10:56- On the road again!

11:10- Stopped by a corn field so Norm could pee.

11:30- Noticed our buick lesabre (aka mid-sized sedan of my dreams or simply "the mistress") was missing out.

11:30-12:15- Tense dialogue between Crse and Gill about what the Mistress wanted and how she was being handled. Crse ominously repeating "Mistress doesn't like it when you (fill in the blank as needed)...put the gas to the floor/speak roughly to her/ punch the steering wheel." Gill dismissing crse's warnings saying Mistress needed to learn her place while shifting gears in what can only be described as displeasing to her. Crse softly singing "She will turn your face to alabaster, when you find your servant is your master" as Mistress continues to stall more and more frequently.

12:15- Stop to pick up one of the few fun and pleasant extended family members from Senor Fabu's side. Norm pees again.

12:20- Continue to the waterpark noting that the engine "rest" did not improve Mistress's mood.

12:35: Almost got wiped off the freeway during a merge as Mistress would not accelerate above thirty miles per hour. Pulled over to side of freeway. Remind Norm, the screaming Turnip and Gill that this indeed is an adventure and all was ok.

12:36- Receive frantic call from the Fabus who realized we were gone. Thwarted an effort to switch and continue ahead with Madame and the fabulettes while senor and the children stayed with gill.

12:40- Gill returns to the car and accusingly asks when the last time the oil was changed. Crse counter-accuses Gill of confusing the issue. Gill notices oil sticker dated from last november. Crse tries to convince Gill she goes to a special guy who doesn't use stickers. Gill replies, "he must not use oil either because you are down two quarts." Norm attempts to restore harmony in the car "guys guys guys...we are in public". Crse apologizes for calling Gill a dickhead and Gill basks in the glory of knowing the Mistress's problems are Crse's fault.

12:41- Consult with Fabus about attempting to find a gas station at the next exit, refill oil and top off coolant.

12:42- Gill turns on HEAT FULL BLAST and rolls down windows claiming he was "cooling the engine" although everyone in the car knew he was punishing Crse for the oil transgression.

12:50- arrived at Sheetz (because it's everywhere you want to be). Crse takes children in to wash them off while Gill does required maintenance. Rendevous with Fabus who reaffirm that we are all ok and we were almost there.

12:55- Depart for a heat filled yet eventless ride to the waterpark.

1:30- Arrive at the gate of the waterpark to meet the rest of the folks in our party. Perhaps day would be ok after all. And it was until.....well just read on.
-------------------------------------------------------------------------------------


You met him as "The turnip" You knew him when he earned the nicknames "turnado" for his destructive tendencies and "nocturner" for his lack of sleep at night. Friends, with great alarm, he has evolved into what Madame Fabu has dubbed "The Turnimator".
Ill save you the stories of him attempting to belly flop in the pool and running into the street to the point that he's lost "outside privileges". Last night tops them all.
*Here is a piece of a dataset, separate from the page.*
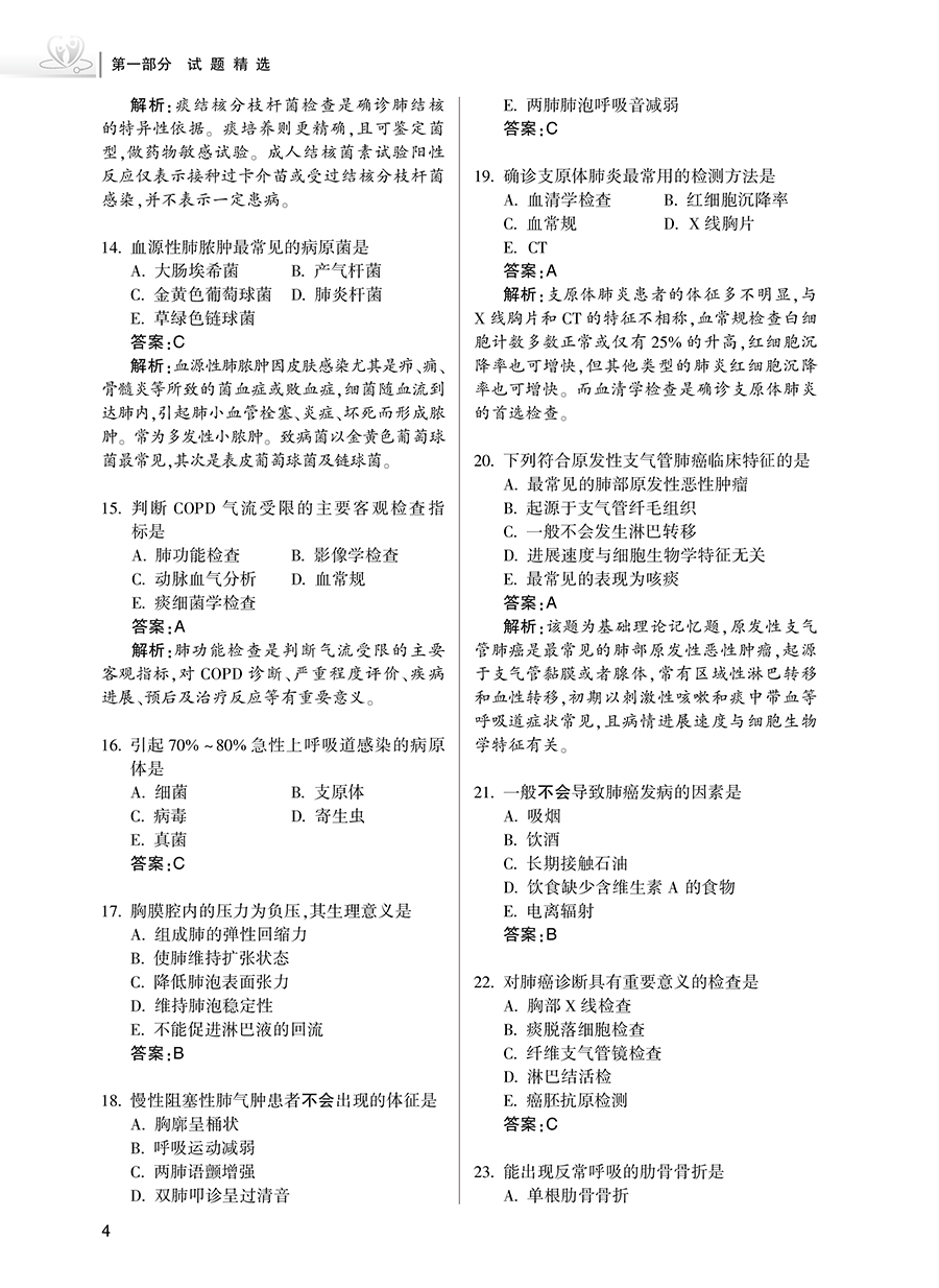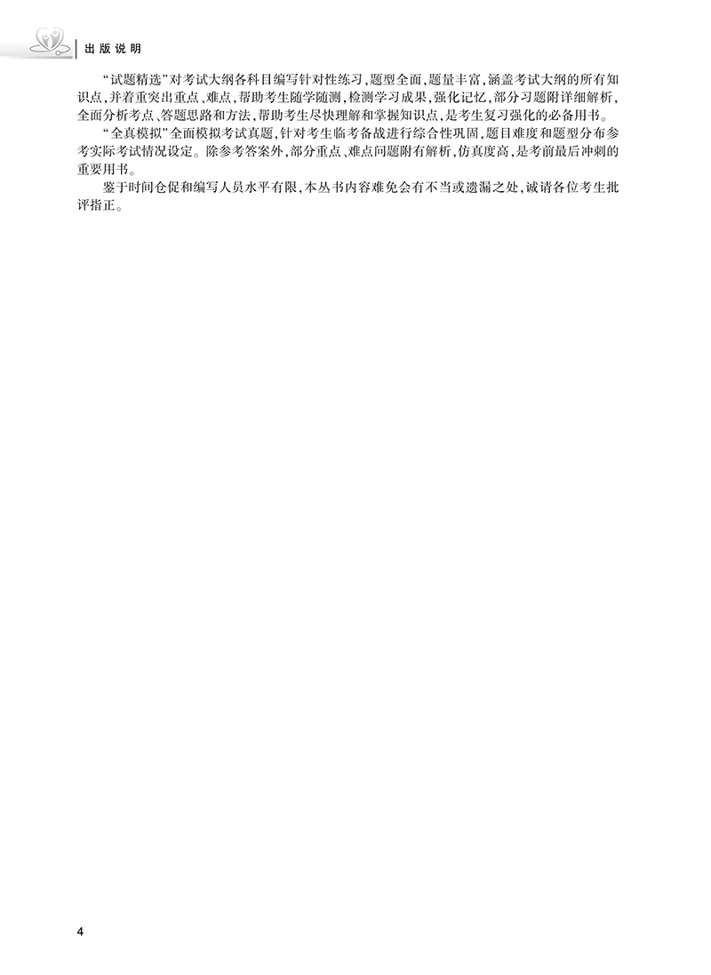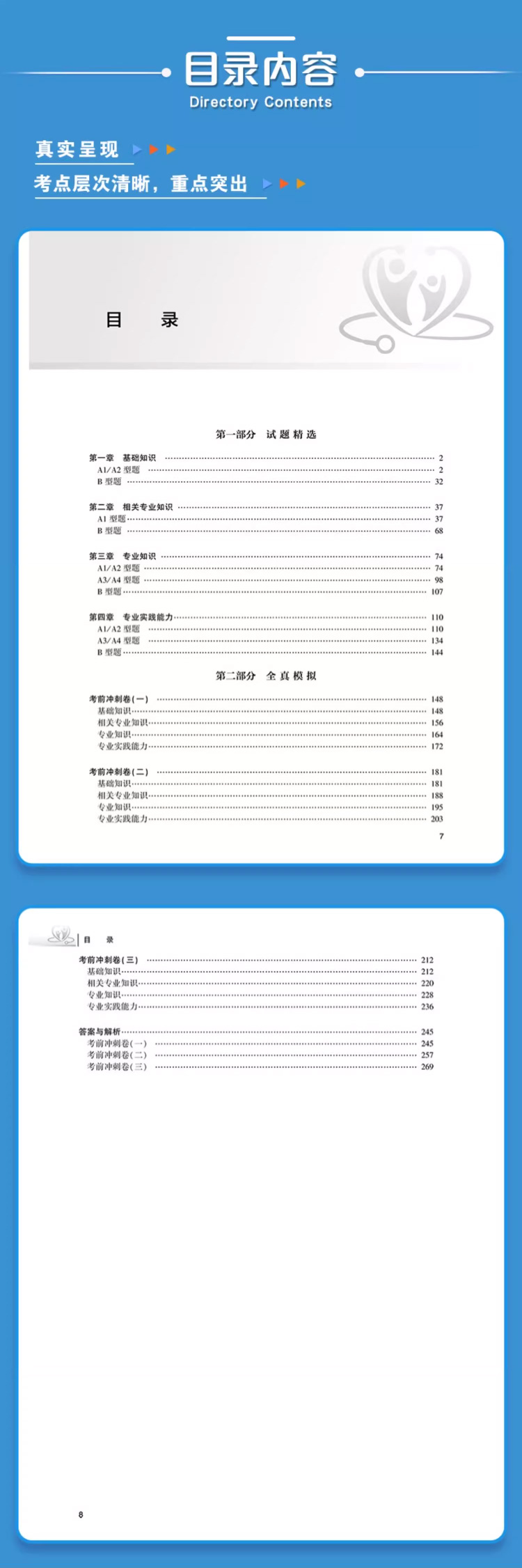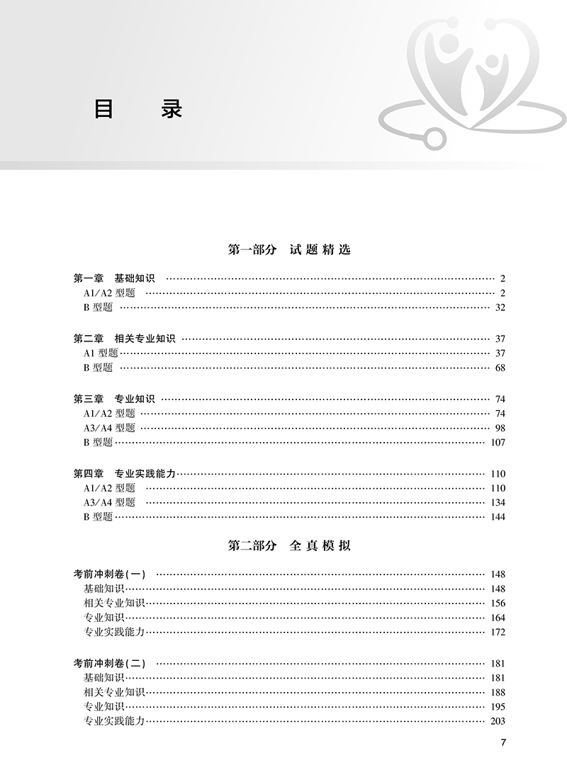 第一部分 试题精选 第一章 基础知识 / 2 A1/ A2 型题 / 2 B 型题 / 32 第二章 相关专业知识 / 37 A1 型题/ 37 B 型题 / 68 第三章 专业知识 / 74 A1/ A2 型题 / 74 A3/ A4 型题 / 98 B 型题/ 107 第四章 专业实践能力/ 110 A1/ A2 型题 / 110 A3/ A4 型题 / 134 B 型题/ 144 第二部分 全真模拟 考前冲刺卷(一) / 148 基础知识/ 148 相关专业知识/ 156 专业知识/ 164 专业实践能力/ 172 考前冲刺卷(二) / 181 基础知识/ 181 相关专业知识/ 188 专业知识/ 195 专业实践能力/ 203 考前冲刺卷(三) / 212 基础知识/ 212 相关专业知识/ 220 专业知识/ 228 专业实践能力/ 236 答案与解析/ 245 考前冲刺卷(一) / 245 考前冲刺卷(二) / 257 考前冲刺卷(三) / 269

By around 730 all of the adults were quite pleased with how the children were handling the day. We had found a nice little niche where the turnip and the littlest fabu were riding a kiddie helicopter ride over and over again. It had gotten to the point that they didnt even have to get out because not that many kids were riding. I was extremely excited because the turnip showed none of the fear that his brother had at his age in terms of rides. He was delighted with everything and quite content to settle into the helicopters.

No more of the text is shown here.